As I mentioned earlier, this issue is now solved upstream and you can check the fix here. With this patch, the conjunction ids will be properly generated and we'll no longer hit this bug. 

Most of the issues that we'll face in OVN will be likely related to misconfigurations (missing ACLs, port security, ...) and the use of tools like ovn-trace will help us spot them. However, when tackling legitimate bugs in the core OVN side, there's no easy and defined way to find them but luckily we have some tools at hand that, at the very least, will help us providing a good bug report that will be promptly picked and solved by the very active OVN community. 

Debugging scaling issues on OVN

One of the great things of OVN is that North/South routing can happen locally in the hypervisor when a 'dnat_and_snat' rule is used (aka Floating IP) without having to go through a central or network node.

The way it works is that when outgoing traffic reaches the OVN bridge, the source IP address is changed by the Floating IP (snat) and pushed out to the external network. Similarly, when the packet comes in, the Floating IP address is changed (dnat) by that of the virtual machine in the private network.

In the OpenStack world, this is called DVR ("Distributed Virtual Routing") as the routing doesn't need to traverse any central node and happens on compute nodes meaning no extra hops, no overlay traffic and distributed routing processing.

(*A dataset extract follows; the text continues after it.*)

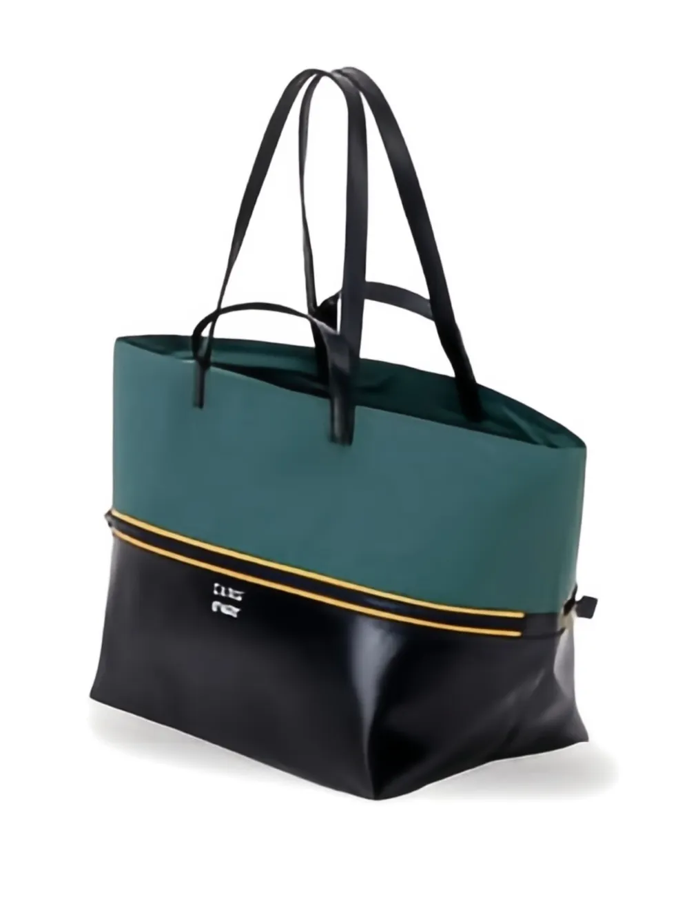зелёная и чёрная сумка с верхней ручкой и молнией

The main advantage is that if all your workloads have a Floating IP and a lot of N/S traffic, the cloud can be well dimensioned and it's very scalable (no need to scale any network/gateway nodes as you scale out the number of computes and less dependency on the control plane). The drawback is that you'll need to consume IP addresses from the FIP pool. Yeah, it couldn't be all good news :p

All this introduction to say that during some testing on an OVN cluster with lots of Floating IPs, we noticed that the amount of Logical Flows was *huge* and that led to numerous problems related to a very high CPU and memory consumption on both server (ovsdb-server) and client (ovn-controller) sides.

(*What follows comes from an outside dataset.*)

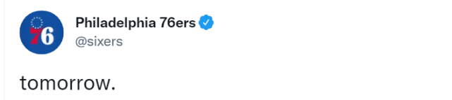 76人官方先后晒出了哈登的训练照和侧面照,并配文:“明天”。美媒也回顾了76人队史上7大球星的首秀,为哈登的首秀预热——

I wanted to understand how the flows were distributed and what was the main contributor(s) to this explosion. What I did is simply count the number of flows on every stage and sorting them. This showed that 93% of all the Logical Flows were in two stages:

$ head -n 6 logical_flows_distribution_sorted.txt
lr_out_egr_loop: 423414  62.24%
lr_in_ip_routing: 212199  31.19%
lr_in_ip_input: 10831  1.59%
ls_out_acl: 4831  0.71%
ls_in_port_sec_ip: 3471  0.51%
ls_in_l2_lkup: 2360  0.34%

Here's the simple commands that I used to figure out the flow distribution:

# ovn-sbctl list Logical_Flow > logical_flows.txt

# Retrieve all the stages in the current pipeline
$ grep ^external_ids logical_flows.txt | sed 's/.*stage-name=//' | tr -d '}' | sort | uniq

# Count how many flows on each stage
$ while read stage; do echo $stage: $(grep $stage logical_flows.txt -c); done < stage_names.txt  > logical_flows_distribution.txt

$ sort  -k 2 -g -r logical_flows_distribution.txt  > logical_flows_distribution_sorted.txt

Next step would be to understand what's in those two tables (lr_out_egr_loop & lr_in_ip_routing):

_uuid               : e1cc600a-fb9c-4968-a124-b0f78ed8139f
actions             : "next;"
external_ids        : {source="ovn-northd.c:8958", stage-name=lr_out_egr_loop}
logical_datapath    : 9cd315f4-1033-4f71-a26e-045a379aebe8
match               : "ip4.src == 172.24.4.10 &amp;&amp; ip4.dst == 172.24.4.209"
pipeline            : egress
priority            : 200
table_id            : 2
hash                : 0

_uuid               : c8d8400a-590e-4b7e-b433-7a1491d31488
actions             : "inport = outport; outport = \"\"; flags = 0; flags.loopback = 1; reg9[1] = 1; next(pipeline=ingress, table=0); "
external_ids        : {source="ovn-northd.c:8950", stage-name=lr_out_egr_loop}
logical_datapath    : 9cd315f4-1033-4f71-a26e-045a379aebe8
match               : "is_chassis_resident(\"vm1\") &amp;&amp; ip4.src == 172.24.4.218 &amp;&amp; ip4.dst == 172.24.4.220"
pipeline            : egress
priority            : 300
table_id            : 2
hash                : 0
_uuid               : 0777b005-0ff0-40cb-8532-f7e2261dae06
actions             : "outport = \"router1-public\"; eth.src = 40:44:00:00:00:06; eth.dst = 40:44:00:00:00:07; reg0 = ip4.dst; reg1 = 172.24.4.218; reg9[2] = 1; reg9[0] = 0; ne
xt;"
external_ids        : {source="ovn-northd.c:6945", stage-name=lr_in_ip_routing}
logical_datapath    : 9cd315f4-1033-4f71-a26e-045a379aebe8
match               : "inport == \"router1-net1\" &amp;&amp; ip4.src == 192.168.0.11 &amp;&amp; ip4.dst == 172.24.4.226"
pipeline            : ingress
priority            : 400
table_id            : 9
hash                : 0

Turns out that those flows are intended to handle inter-FIP communication. Basically, there are flows for every possible FIP pair so that the traffic doesn't flow through a Geneve tunnel.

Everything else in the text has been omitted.